En su conjunto, la integración del consejo general del nuevo órgano electoral nacional —cuyas obligaciones y tareas específicas están todavía dentro de la cocina— no sólo me parece plausible sino esperanzadora. Al mismo tiempo, sin embargo, tengo para mí que los escarceos de último minuto en la conformación de ese grupo y la insistente marca partidaria con el que la Cámara de Diputados quiso sellar a cada uno de ellos, dejó un saldo tan inútil como imprudente. Es un fardo que han dejado caer sobre los hombros del nuevo consejo del INE y que, en el mejor de los casos, les tomará mucho tiempo y un gran esfuerzo quitarse de encima.
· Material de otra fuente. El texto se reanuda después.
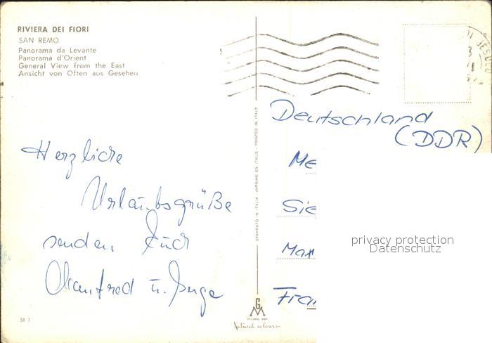 old postcard San Remo Panorama da Levante postalisch gelaufen Erhaltung siehe scans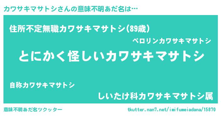| ポケモン風あだ名 | 『ヒカワサキマサトシ』『カーワイ』 |

No hacía falta manchar con las siglas de los partidos una integración que se había procesado con éxito y que habría sido satisfactoria de todos modos. Por ganar unos cuantos metros en las negociaciones finales, los dirigentes de los partidos le han dejado al nuevo INE la doble tarea de afrontar sus responsabilidades inéditas con una duda fundada sobre la imparcialidad de sus integrantes y, al mismo tiempo, de lavar con su desempeño individual las huellas de sus simpatías partidarias. Los partidos estuvieron a una brazada de alcanzar el consenso y de respaldar con generosidad a todos y cada uno de los consejeros, pero prefirieron ahogarse en la obstinación de guardar equilibrios mediante fidelidades que, a la postre, tendrán que ser traicionadas —la “obligada ingratitud” le llamó Jacqueline Peschard en estas mismas páginas—, para que el INE honre la democracia y se salve a sí mismo.

No hacía falta, porque en el grupo hay una generación muy valiosa de individuos formada en los asuntos electorales y/o en la defensa activa de los derechos humanos, que finalmente llega a los sitios de mayor responsabilidad en esa materia. No son los mismos de siempre; quiero decir: los de la vieja clase política, aunque varios ya se hayan sentado en la famosa herradura de la democracia. Es el caso, por ejemplo, del Consejero Presidente Lorenzo Córdova, formado en la escuela de José Woldenberg, pero dueño también de una trayectoria propia que le otorgó todos los méritos para ocupar ese cargo. No era necesario tampoco “resellar” a los consejeros que venían de la última etapa del IFE y que, especialmente después de la reforma política, tuvieron un desempeño individual y colectivo que se ganó el respeto sincero de propios y extraños. En ese grupo estaba María Marván, cuya salida no puede explicarse en términos democráticos y que no sólo deja una sombra en la mesa donde ya no estará, sino que hiere también a quien ocupará su lugar.

No son jóvenes ni mucho menos nuevos en las tareas que habrán de enfrentar. Todos cargan consigo una amplia experiencia en los temas electorales y la mayoría conoció al IFE por dentro —en algunos casos desde su origen, como Marco Baños— y saben muy bien el tipo de desafíos con los que tendrán que lidiar. Conocen bien los pasillos de los consejos locales, los rincones de las oficinas que ahora ocupan, las presiones que ejercen los representantes de los partidos y los precedentes jurídicos establecidos por el Poder Judicial. En ellos no cabe un rasgo de ingenuidad.

Ninguno ignora, en consecuencia, que el peor error que podrían cometer, tanto individual como colectivamente, sería seguir el juego de los partidos que los encaminaron hacia las sillas que ocupan. Creado para oponerse a los sesgos políticos que se han producido por la captura de los institutos electorales locales, no habría mayor despropósito que auspiciar esa misma conducta desde la dirección colegiada del INE. Tras las designaciones, en efecto, las y los nuevos consejeros electorales están obligados a negar a sus promotores. A negarlos en público y en privado, para restaurar la dignidad democrática de los procesos electorales en todo el país.